So at this point, the last three images will be our concern. Using the White Patch algorithm wherein i chose a small part of the background which is supposedly a white bond paper then arbitrarily choose a point on it that will serve as the divisor for the pixel values of R,G,B of the image. After applying a scaling factor differently for each layer of R,G and B, I clipped the maximum value to be 1 by saturating those which exceeds one. The images below is the result of the first algorithm applied to the last three images above in the same order.

We can observe the difference in quality of the balanced image, nevertheless, it significantly improved as compared to its original form above.

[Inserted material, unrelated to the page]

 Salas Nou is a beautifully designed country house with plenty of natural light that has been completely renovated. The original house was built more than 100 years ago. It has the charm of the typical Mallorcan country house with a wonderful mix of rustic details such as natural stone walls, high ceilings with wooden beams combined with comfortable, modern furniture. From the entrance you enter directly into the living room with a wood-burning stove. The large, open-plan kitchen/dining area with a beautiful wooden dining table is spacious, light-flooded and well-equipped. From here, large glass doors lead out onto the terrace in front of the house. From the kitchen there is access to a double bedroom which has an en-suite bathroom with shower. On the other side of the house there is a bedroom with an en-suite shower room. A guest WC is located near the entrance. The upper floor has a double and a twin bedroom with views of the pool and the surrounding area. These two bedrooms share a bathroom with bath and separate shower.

Now, we apply the Gray World algorithm to the same images and see what happens. This algorithm, by the way, just replaces the divisor of the R,G,B layers of the imbalanced image with the average of each layer. Everything else follows the same procedure.

There is not much difference in the quality of the balanced images for three different WB camera modes. However, we can see that the new image is like exposed to a higher intensity light source. There is not much difference in rendered colors especially the white background unlike the first algorithm where there is much distinction between the white backgrounds.

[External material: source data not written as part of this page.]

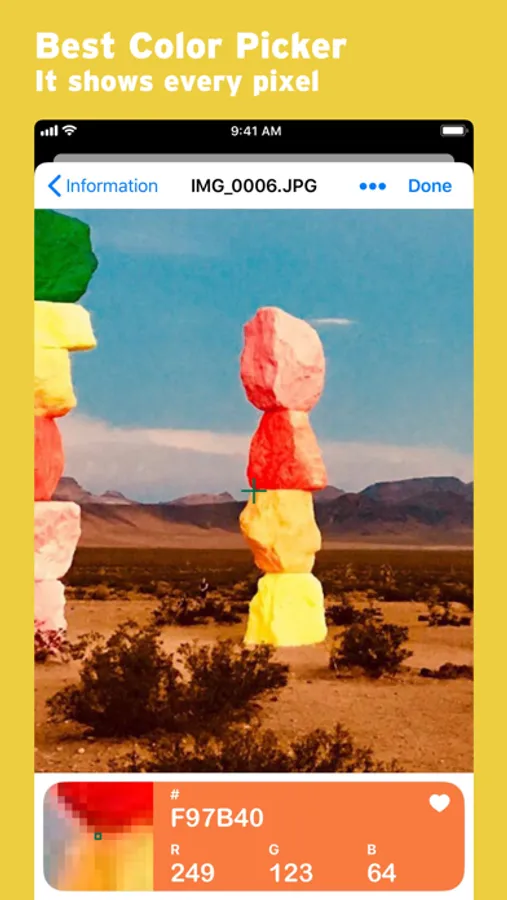 Color Picker+ helps you get color codes(RGB & HEX) and informations from any image, and it shows every pixel.
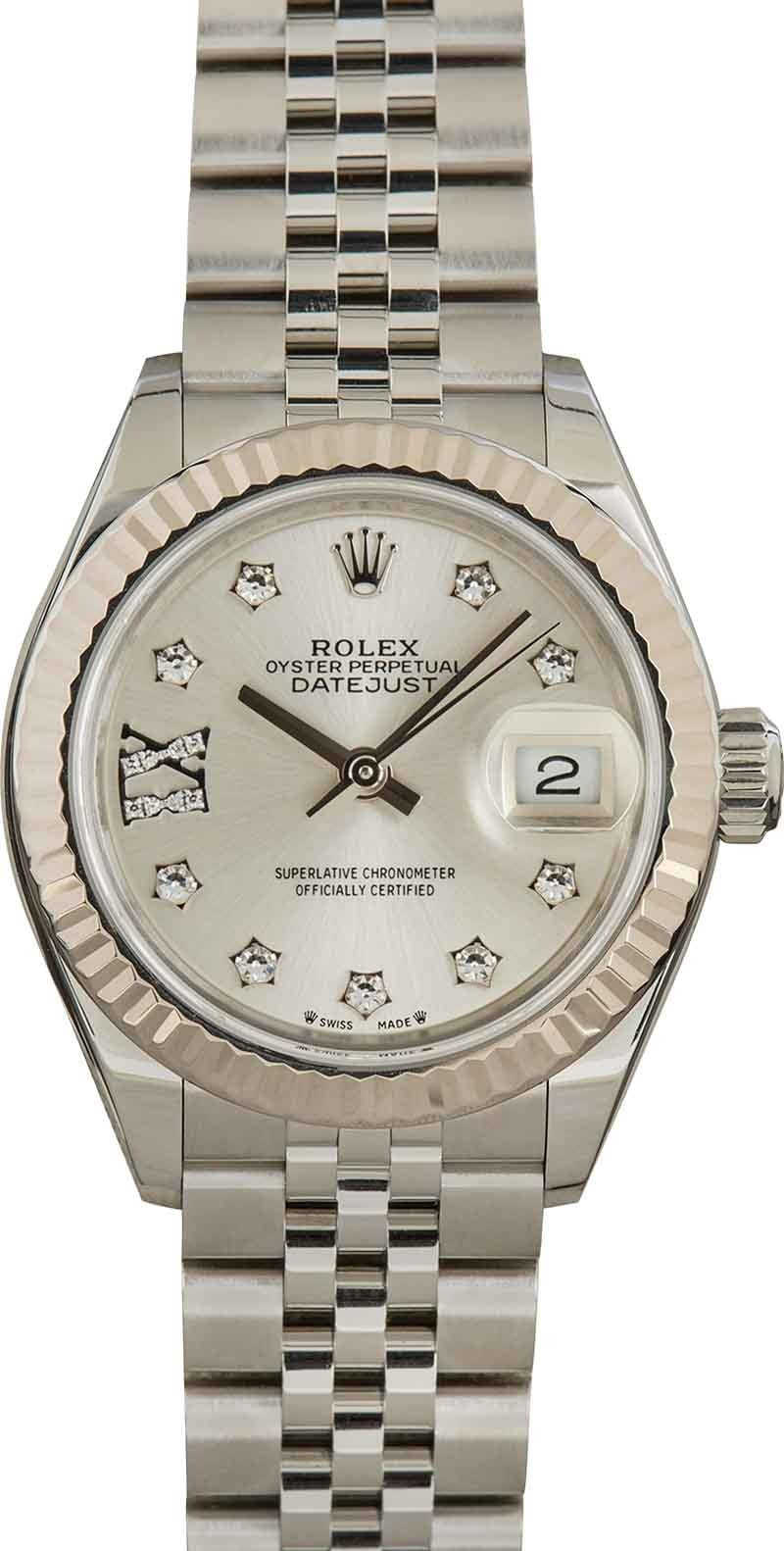 This 2021 Ladies Datejust ref. 279174 shines with a silver dial adorned with sparkling diamond hour markers, including a diamond-set IX and star-shaped accents around the remaining diamonds. A classic fluted bezel pairs elegantly with a polished Jubilee bracelet, giving the watch a sophisticated, timeless presence on the wrist. Powered by a precise automatic movement, this 28mm Datejust combines modern craftsmanship with luxurious detailing, making it a standout addition to any collection.
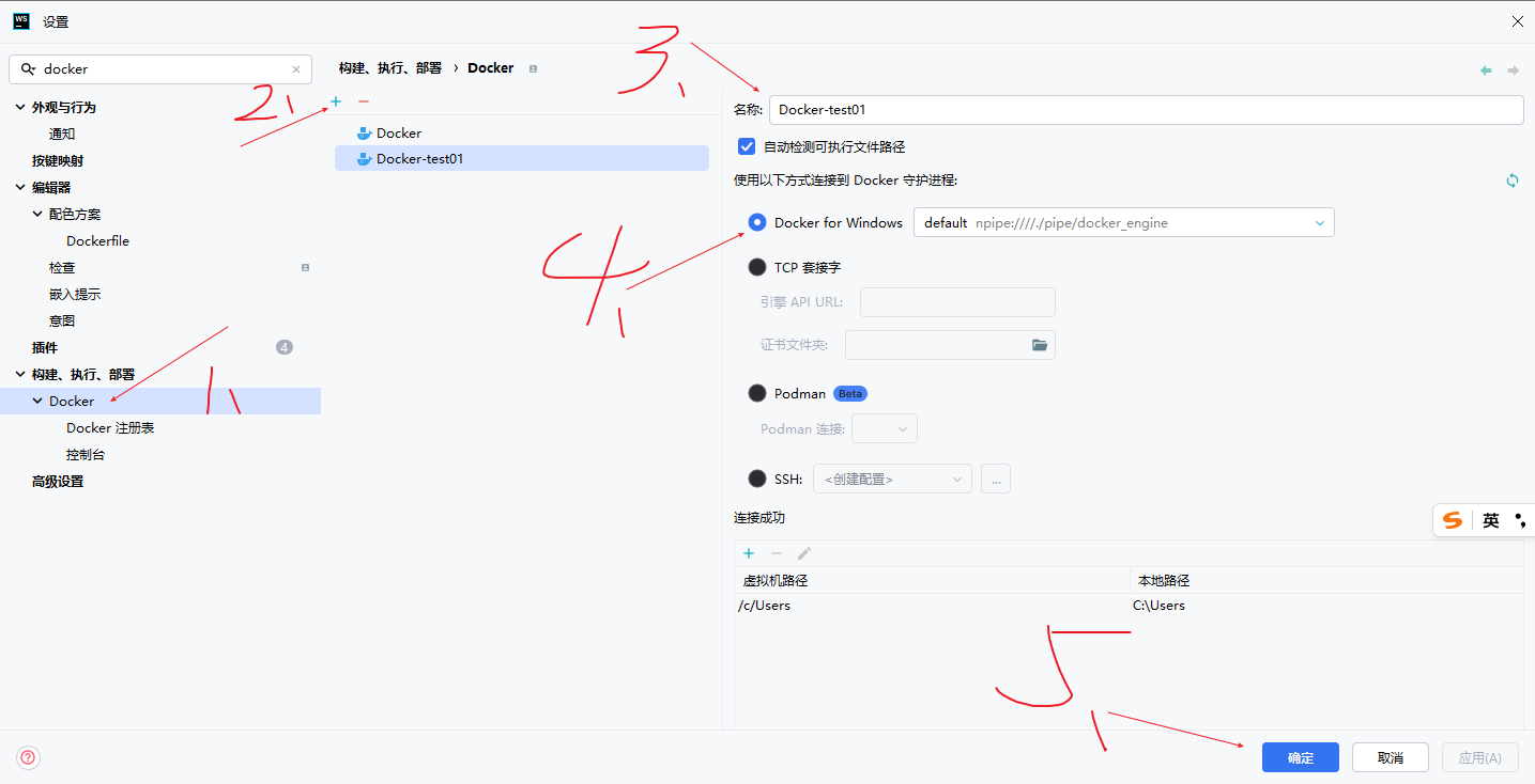 说明:在“设置”中,左侧菜单“构建、执行、部署”下已有“Docker”选项,右侧显示具体的连接配置面板。当前配置名称为“Docker-test01”,已成功使用“Docker for Windows”并通过命名管道连接到本地 Docker 守护进程,底部显示“连接成功”。在 Windows 环境下可直接使用命名管道连接;若是在远程服务器环境,应使用 TCP 套接字,并在“引擎 API URL”中填写服务器的 Docker 地址进行连接。

Going to another imbalanced image with largely the same hue (in this case green) and the applying the two algorithms, we get the results below.

Imbalanced image

Balanced using White Patch algorithm

Balanced using Gray World algorithm

The most properly balanced image in this case is the one using White Patch algorithm. We observe here the same effect that the second algorithm produced with first set of images. It intensifies the white value in the image and it appears now that the object image was capture under a very high intensity white light source. Also from the procedure done in the algorithm, one can infer that White Patch algorithm depends solely on a single white value in the image while the Gray World algorithm depends entirely on the colors of the captured image since it relies it divisor value from the mean of all values. The best algorithm, well for this case in the first one.

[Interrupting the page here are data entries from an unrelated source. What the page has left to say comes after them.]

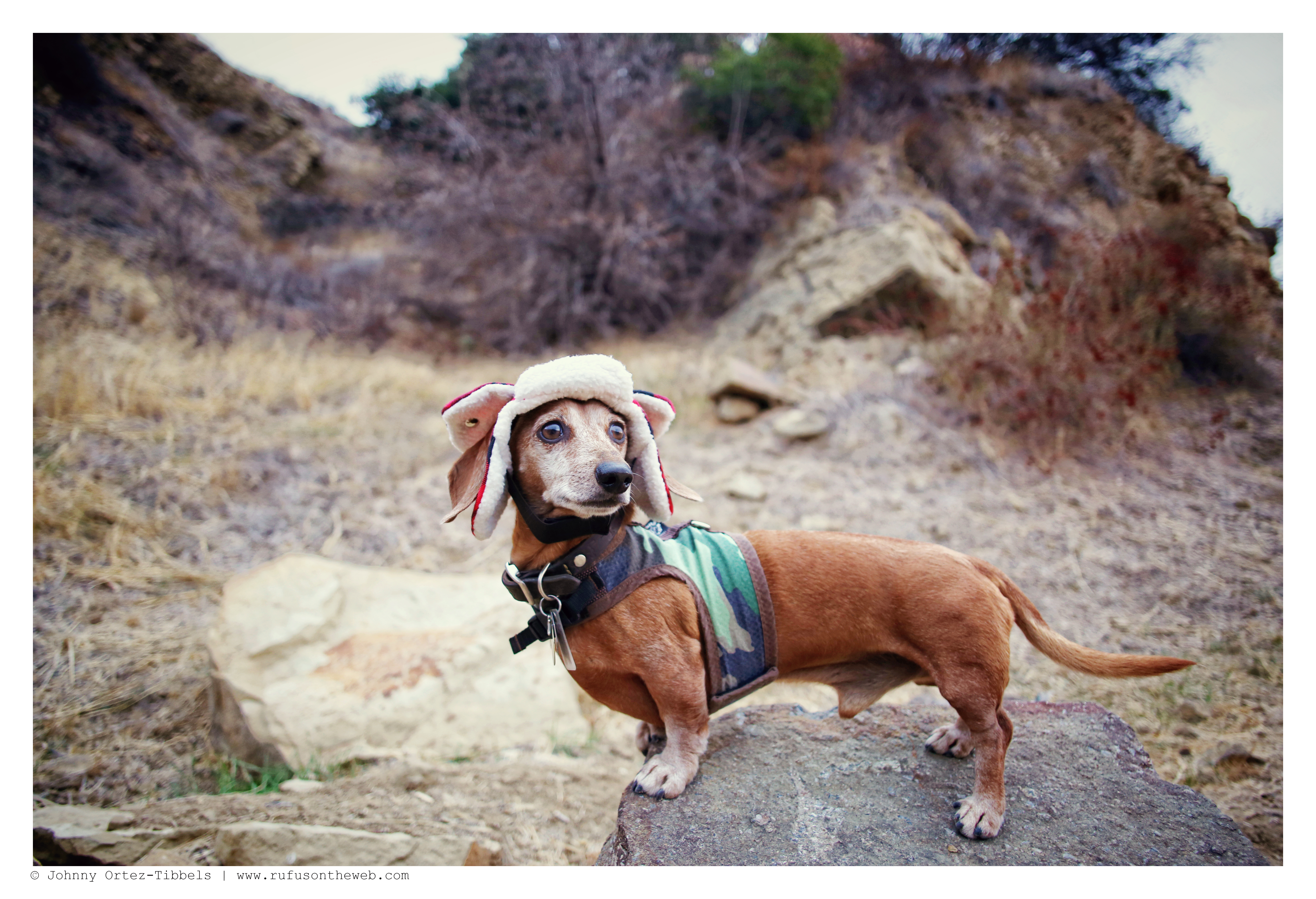 Today’s featured photos are affectionately called Lumberjack Rufus. Rufus in his camouflage hug-a-dog harness and red plaid hunting hat is so on trend and seasonally appropriate for our weekly hikes. My dachshunds truly dress for the occasion, whatever it may be. Have great one dachshund friends.
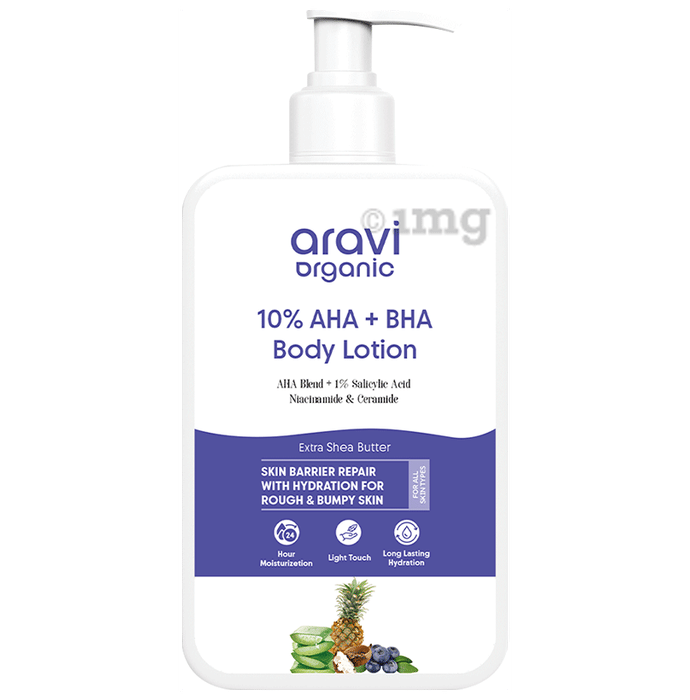 Aravi Organic 10% AHA BHA Body Lotion is a specially formulated skincare solution designed to help provide intense hydration while improving skin texture. Enriched with a powerful combination of 10% AHA (Glycolic Acid, Lactic Acid) and 1% BHA (Salicylic Acid), it can help gently exfoliate dead skin cells, unclog pores, and promote smoother and more even-toned skin. This advanced formula also contains Niacinamide, Shea Butter, and a blend of natural fruit extracts like Blueberry, Papaya, and Pineapple which can help replenish moisture, soothe dryness, and protect the skin against environmental damage. The fast-absorbing formula can help ensure long-lasting hydration without leaving a greasy residue. Ideal for individuals looking to help manage rough, bumpy, or dehydrated skin, this lotion may deliver a vibrant and youthful glow with regular use.
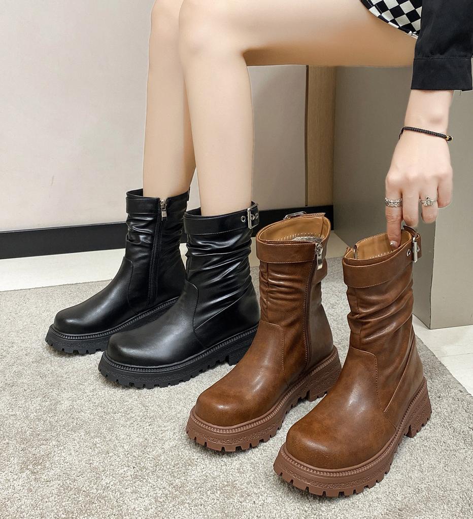 Модные женские ботинки челси на платформе из искусственной кожи, новые осенне-зимние модные ботильоны в ретро-стиле с плиссировкой, ботинки Мартон для женщин, zapatos mujer
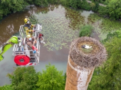 Am Mittwochvormittag (12. Juni 2020) wurde auf dem Schönaukamin ein Jungstorch beringt.
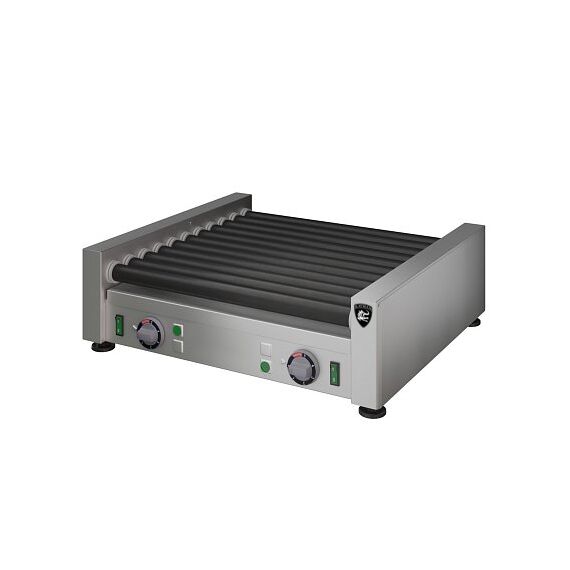 Заказ от 5шт. 536х485х170мм, 1,66 кВт, 220В, ролики из черной стали с антипригарным покрытием 11шт., длина ролика 450мм, кол-во одновременно приготавливаемых сосисок 10-30шт., время приготовления при полной загрузке около 8-14мин, время разогрева роликов до максимальной температуры 10 мин. Скорость вращения роликов 2 об/мин. Под роликами установлен поддон для сбора жира. Масса 15кг.
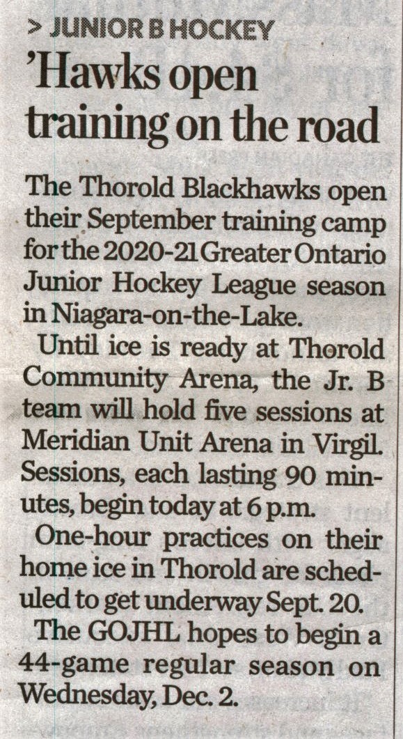 - Greater Ontario Junior Hockey / Thorold Blackhawks / training camp

This activity compared to other ones is relatively easy but its application is noble and dynamic. The concept was well understood and the procedures executed smoothly. It is just to give myself a grade of 9 for this one.

Activity 3 – Image Types and Formats

An example of a grayscale image

Following the procedures in this activity, I opened my scanned image from activity1 and found out that it is a grayscale image. It is grayscale since the image is not in three layer of R,G and B but pixels have numbers ranging from 45 to 256. The image is shown above. Its size is 1221×967 or 1180707 bytes or 1.2MB.

Now, getting each of the basic and advanced image types:

An example of binary image

grayscale image

truecolor image

indexed image

Choosing a truecolor image, which is the image of an elephant, and transforming it to binary and grayscale. We produce the same dimensions but only the 3 layers from RGB are removed. The dimension are both 432×550. Image is shown below.

(from left to right) binary & grayscale of a truecolor image

Now, from the graph in activity1 we extract the grayscale valuesof the image and its frequancy by getting its histogram. Once this information is known, we can binarize the image to make the points in the graph more distinct. The histogram and the choice of grayscale value to establish threshold is shown below with the resulting binary image.We note here that we first scaled the grayscale image of values from 0-255 t0 0-1 by dividing the maximum value to each pixel of the image. Then we get its histogram. The lighter colored pixels occupy most of the area in the graph. So we begin to binarize at around 0.3 value. The resulting image is shown. Although, there can be no clearer separation of the data points from the grid lines since they have common pixel values.

There is little effort done for this activity. And honestly, this activity was the most unliked one since it took me almost a semester to do it. I wasn’t able to finish the activity. I deserve a grade of 6 for this output.

Activity 13 – Color Image Segmentation

The aim of this activity is to separate a region of interest(ROI) among all the objects in a given image. For an easier implementation of this, it is suggested that the ROI possess a single color. The image I used is shown below with ROI cropped.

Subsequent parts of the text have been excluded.